Он ни в какую. Одно твердит про «девку болотную». Я, конечно, сказки о ней слыхал, но в том-то и дело, что сказки. Я и помыслить не мог, чтобы взрослые мужики в бабьи байки верили.
А Ермолай знай своё.
— Побойтесь Бога, барин. Не ходите туды. Мы тута живём уж не один десяток годов. Народу там сгинуло — почитай, с полдюжины, не мене. А с месяц назад Марфа-повитуха — сунулась на дурну голову, и сгинула. Нехороше там место. Чертовщина там творится. Кому и выжить удовалось, те опосля из дому носу не кажут, ума решаются. Чай, поп и тот приезжал лонись, ходил туды, воду святую лил — так как пришёл, так и убег. Старухи болтают, теперича в монастыре сидит. Нельзя барин, туды. Сгубите душу. И пошто? Ради травинок да цветочков, чтоб им пусто было? Не пущу. И не просите.
И ведь действительно решил не пускать, старый пень. Двери на ночь запер, весь день с меня глаз не сводит. Но это всё пустое. Сегодня приходили с парой крестьянских мужиков, мальчишки — для рекрутской записи. Медяки мои снова службу сослужили: путь к болоту мне известен. Завтра твёрдо намерен отправиться.
И никакие байки местные меня не остановят.
24 июля. 1836 год
Безумие какое-то. Руки трясутся. Склянку с чернилами я уронил — разбилась вдребезги, на полу осталось черное пятно. Скорее всего, не отмоется. Ужасно стыдно перед Ермолаем. Хотя чернильное пятно, это последнее, за что мне должно быть стыдно перед ним.
В отсутствие чернил пишу карандашом.
Не могу подобрать верных слов, чтобы описать, что произошло. Но мне нужно, мне важно это записать, иначе я окончательно поеду головой.
Времени девятый час. Я и подумать не мог, что пробуду на болоте так долго. Надобно вспомнить всё с самого начала.
Как я и задумывал вчера, после полудня начал собирать вещи. Взял лёгкую дорожную сумку, сложил карандаши, нож, дневник, огниво с трутом, краюху хлеба со вчерашнего ужина и кусок сыра. Надолго я не собирался — планировал пробыть в пути не более часов двух. Но профессор Вальтер с первых занятий вбил нам, студентам, в головы: «Если идёте в лес без еды, огнива и ножа — вы не идёте в лес». Ежели какой студент являлся на практику без этого набора, от занятий его отстраняли и на выезды не допускали. С этим было строго.
Одного только у меня не было — самого важного. Палки. На болото без палки нельзя. Так что, натянув сапоги повыше, я отправился на поиски.
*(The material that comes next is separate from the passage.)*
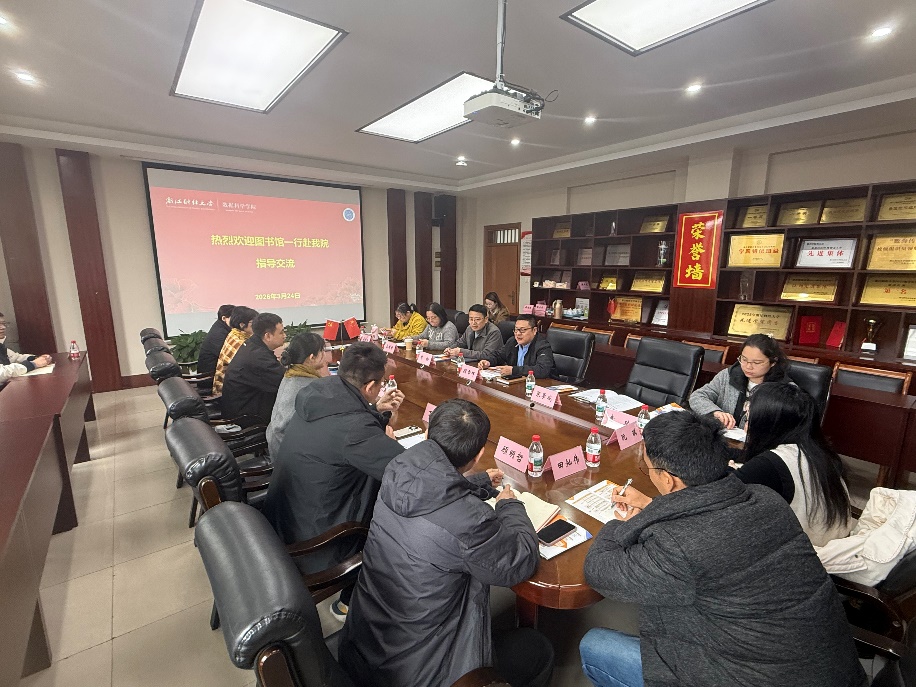 为进一步深化馆院协作,精准对接数据科学学科建设、教学科研与人才培养实际需求,推动图书情报资源与学院发展深度融合,3月24日上午,学校图书馆由党总支书记杨小恩、副馆长崔泰铭、专聘副馆长丁松带队,各核心业务部门负责人及专属学科馆员一行,莅临我院开展专题调研座谈。学院党委书记段雪辉、副院长郑松、师生代表、相关中心负责人共同参与交流,双方围绕学术资源保障、高层次人才服务、“一生一方案”人才培养模式改革支撑等核心议题深入沟通,共谋协同发展新思路。

Побродив с полчаса по деревне и обнаружив подходящую деревянную трость, я было двинулся к лесу, как вдруг чья-то тяжёлая рука легла мне на плечо.
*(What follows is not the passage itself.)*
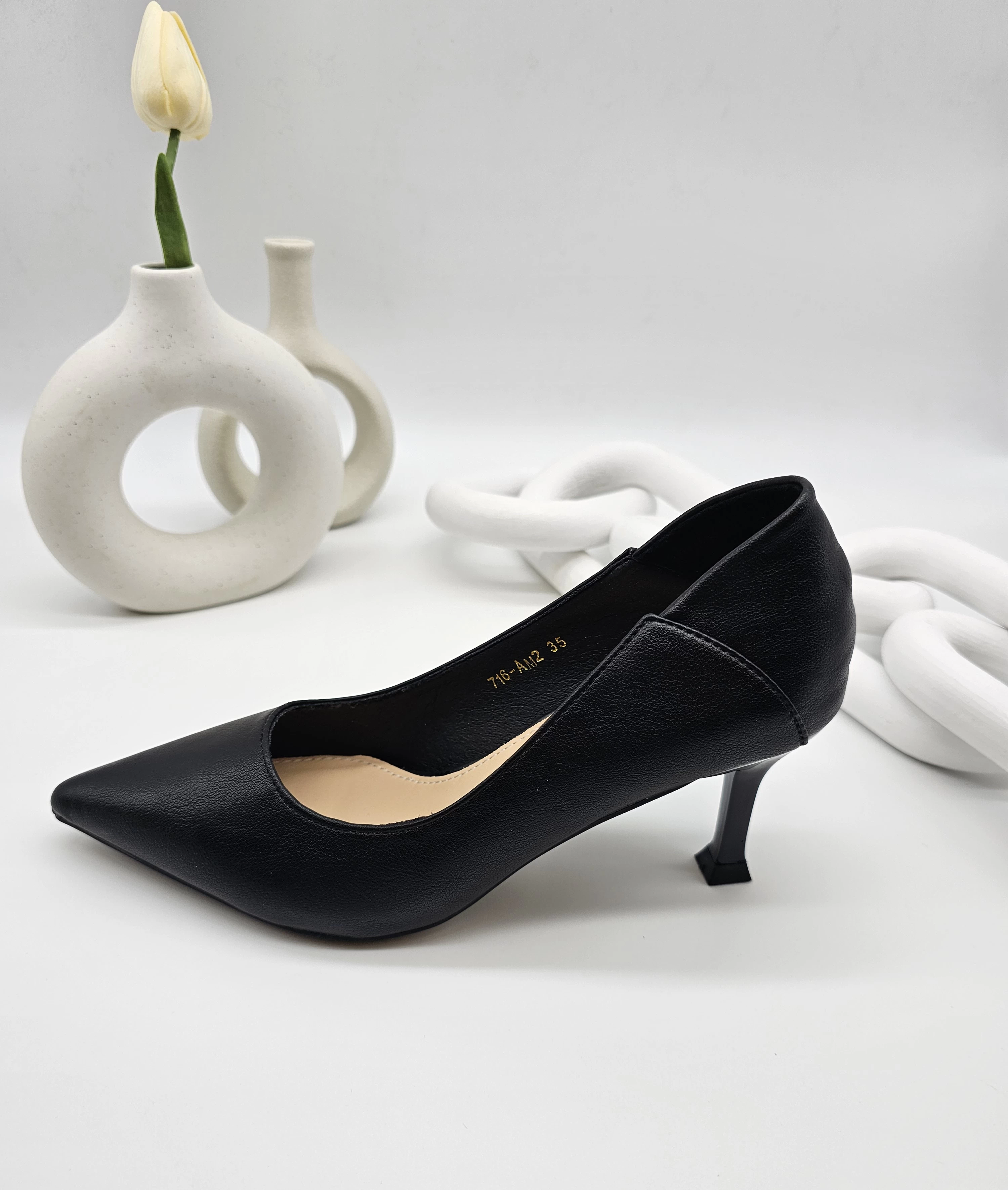 حذاء اسود انيق بتصميم فريد مدبب من الامام مصنوع من الجلد ذو كعب عالي

— Побойтесь Бога, барин. Не пущу вас. Петруньке-то моей уж вовсе хорошо стало. Сердце мое нехорошее чует. Худо будет.
— Ермолай! Хватит нести чушь! — не выдержав, почти крикнул я. — Не знаю, что у вас тут за беды с болотами, но ты не вправе мне указывать. Помни своё место. — Сказав это, я густо покраснел и сбросив его руку и быстрым шагом направился к лесу.
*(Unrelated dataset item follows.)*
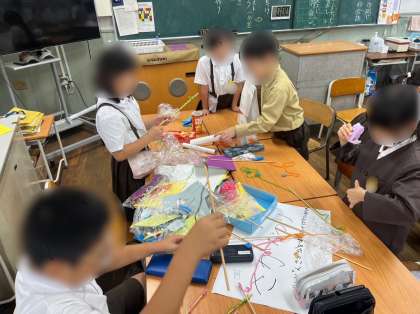 2年生は生活科の学習でおもちゃらんど開催に向けて準備を進めています。グループごとのおもちゃ作りも佳境を迎えています。子どもたちは、何度もテストを繰り返しながら制作していました。

— Барин, помилуй… Дак пустите хоть с вами пойду! Куда ж вы одни-то? Где ж это видано, чтоб на болото да одному? Вы говорили опытны в делах энтих, а я окромя палки ничего и не вижу. Палка-то она и в деревне палка. А кто ж тащить вас будет?
Я хмурился. По правде, я и сам прекрасно знал это правило. Но сколько я ни предлагал медяков и даже серебряных— никто не соглашался быть провожатым. Все лишь крестились, да убегали от меня, как от прокажённого.
Я молчал. Ермолай шёл за мной с угрюмым видом. По дороге он тоже нашел себе палку. Дальше мы шагали вдвоём.
Чем дальше в лес, тем ближе мы жались к соснам — там, где корни, земля твёрже. Шли минут сорок, я то и дело сверялся с карманными часами. Вскоре по обилию багульника, клюквы и мха стало ясно: мы у цели. Трясина.
Я велел Ермолаю остановиться и палкой проверяя каждый шаг, вышел на поиски росянки.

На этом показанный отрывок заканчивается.